• **EXERCISE AIM**
From the material below, return exactly the lines starting at the one that holds "1980 年时,男性的平均初婚年龄还是 24.5" and ending at the one that holds "২০২৬ সালের ছুটির". Pictures stay out of the answer.

• **SUPPLIED INFORMATION**
----------------

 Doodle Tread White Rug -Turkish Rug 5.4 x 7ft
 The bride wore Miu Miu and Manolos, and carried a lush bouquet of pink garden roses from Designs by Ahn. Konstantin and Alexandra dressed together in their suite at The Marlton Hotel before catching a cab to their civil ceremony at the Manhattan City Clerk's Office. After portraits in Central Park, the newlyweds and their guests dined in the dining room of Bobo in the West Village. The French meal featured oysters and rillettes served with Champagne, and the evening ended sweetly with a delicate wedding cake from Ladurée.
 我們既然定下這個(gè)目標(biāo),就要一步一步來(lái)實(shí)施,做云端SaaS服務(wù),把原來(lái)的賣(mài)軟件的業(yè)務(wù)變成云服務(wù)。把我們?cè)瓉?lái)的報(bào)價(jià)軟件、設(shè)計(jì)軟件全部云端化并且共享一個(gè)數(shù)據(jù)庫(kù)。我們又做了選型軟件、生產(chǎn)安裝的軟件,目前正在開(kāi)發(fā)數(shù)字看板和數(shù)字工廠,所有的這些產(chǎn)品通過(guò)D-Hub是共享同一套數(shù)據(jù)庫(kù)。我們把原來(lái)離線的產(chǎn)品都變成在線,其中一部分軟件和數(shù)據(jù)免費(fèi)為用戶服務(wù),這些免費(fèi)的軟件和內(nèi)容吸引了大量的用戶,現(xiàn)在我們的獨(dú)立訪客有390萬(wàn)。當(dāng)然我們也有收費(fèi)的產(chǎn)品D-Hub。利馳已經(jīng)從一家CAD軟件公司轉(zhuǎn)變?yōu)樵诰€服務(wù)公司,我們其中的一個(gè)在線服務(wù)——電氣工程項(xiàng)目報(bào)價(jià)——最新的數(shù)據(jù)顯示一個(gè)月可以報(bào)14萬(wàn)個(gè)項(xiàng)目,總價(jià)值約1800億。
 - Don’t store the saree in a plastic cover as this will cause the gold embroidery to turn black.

----------------

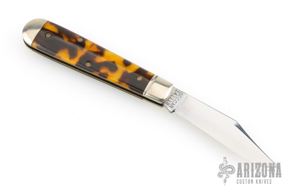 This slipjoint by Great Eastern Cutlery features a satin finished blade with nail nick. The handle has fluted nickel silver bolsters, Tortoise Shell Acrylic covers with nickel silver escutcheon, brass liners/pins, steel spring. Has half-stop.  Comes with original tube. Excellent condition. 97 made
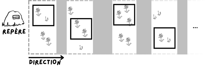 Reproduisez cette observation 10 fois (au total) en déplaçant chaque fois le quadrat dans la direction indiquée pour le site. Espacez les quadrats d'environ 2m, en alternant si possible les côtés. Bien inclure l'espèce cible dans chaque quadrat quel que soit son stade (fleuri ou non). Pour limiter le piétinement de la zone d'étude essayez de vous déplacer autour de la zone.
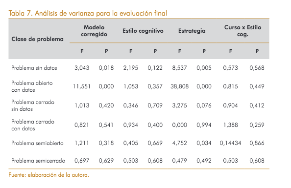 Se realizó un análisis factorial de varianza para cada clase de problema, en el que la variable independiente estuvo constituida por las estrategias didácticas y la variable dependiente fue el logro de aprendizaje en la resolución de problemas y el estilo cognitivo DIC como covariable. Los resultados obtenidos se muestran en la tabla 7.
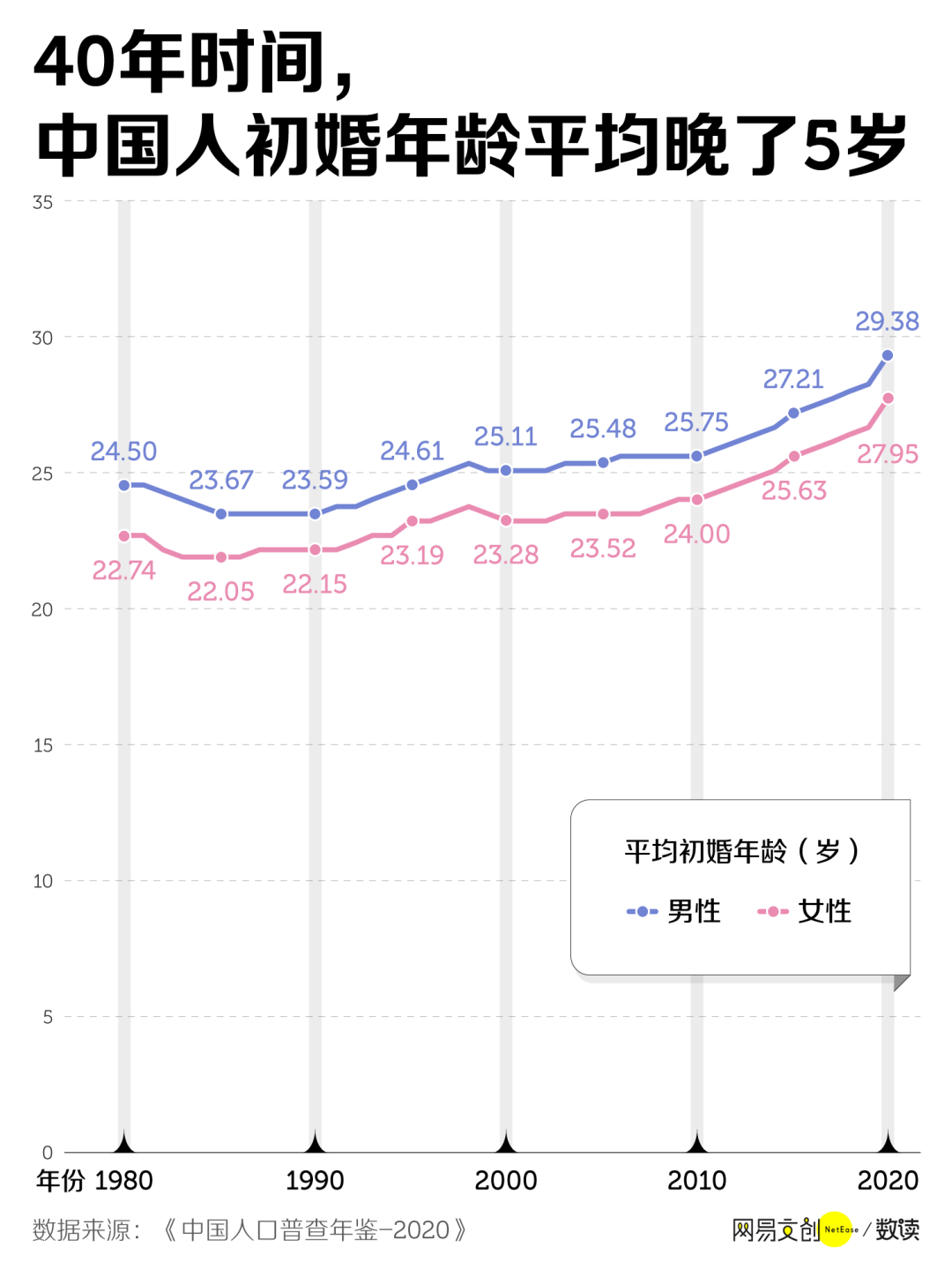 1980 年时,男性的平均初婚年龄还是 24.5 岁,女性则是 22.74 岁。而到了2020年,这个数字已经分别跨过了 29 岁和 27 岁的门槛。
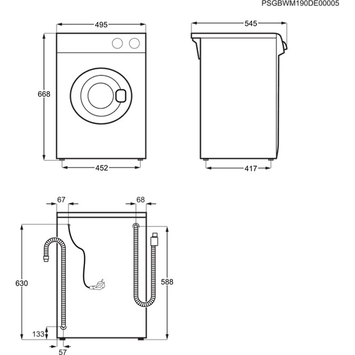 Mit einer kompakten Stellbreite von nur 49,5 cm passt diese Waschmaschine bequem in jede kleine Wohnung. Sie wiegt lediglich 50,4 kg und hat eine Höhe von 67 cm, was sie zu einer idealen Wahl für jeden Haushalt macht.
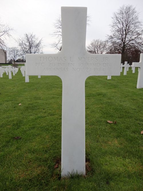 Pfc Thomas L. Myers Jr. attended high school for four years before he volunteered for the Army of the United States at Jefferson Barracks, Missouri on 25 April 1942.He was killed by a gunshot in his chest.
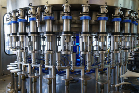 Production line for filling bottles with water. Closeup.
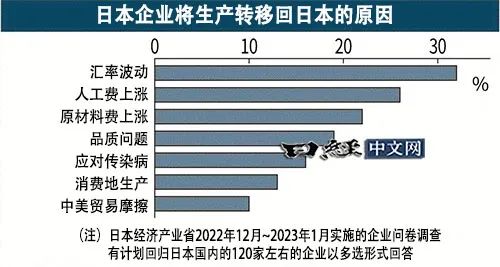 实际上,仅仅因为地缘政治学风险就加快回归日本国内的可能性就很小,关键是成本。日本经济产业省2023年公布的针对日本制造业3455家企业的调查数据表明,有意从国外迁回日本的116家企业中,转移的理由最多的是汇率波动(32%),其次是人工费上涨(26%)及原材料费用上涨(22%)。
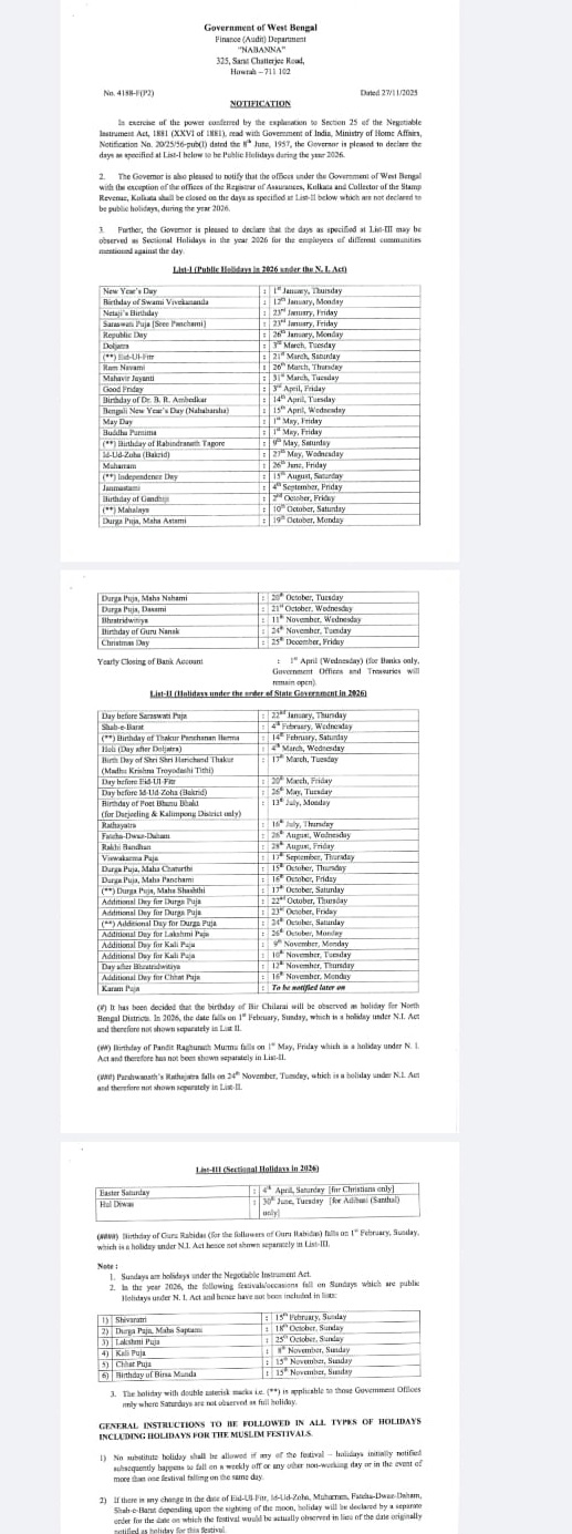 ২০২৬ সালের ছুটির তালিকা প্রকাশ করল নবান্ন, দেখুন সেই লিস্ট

----------------

• **RESULT**
 1980 年时,男性的平均初婚年龄还是 24.5 岁,女性则是 22.74 岁。而到了2020年,这个数字已经分别跨过了 29 岁和 27 岁的门槛。
 Mit einer kompakten Stellbreite von nur 49,5 cm passt diese Waschmaschine bequem in jede kleine Wohnung. Sie wiegt lediglich 50,4 kg und hat eine Höhe von 67 cm, was sie zu einer idealen Wahl für jeden Haushalt macht.
 Pfc Thomas L. Myers Jr. attended high school for four years before he volunteered for the Army of the United States at Jefferson Barracks, Missouri on 25 April 1942.He was killed by a gunshot in his chest.
 Production line for filling bottles with water. Closeup.
 实际上,仅仅因为地缘政治学风险就加快回归日本国内的可能性就很小,关键是成本。日本经济产业省2023年公布的针对日本制造业3455家企业的调查数据表明,有意从国外迁回日本的116家企业中,转移的理由最多的是汇率波动(32%),其次是人工费上涨(26%)及原材料费用上涨(22%)。
 ২০২৬ সালের ছুটির তালিকা প্রকাশ করল নবান্ন, দেখুন সেই লিস্ট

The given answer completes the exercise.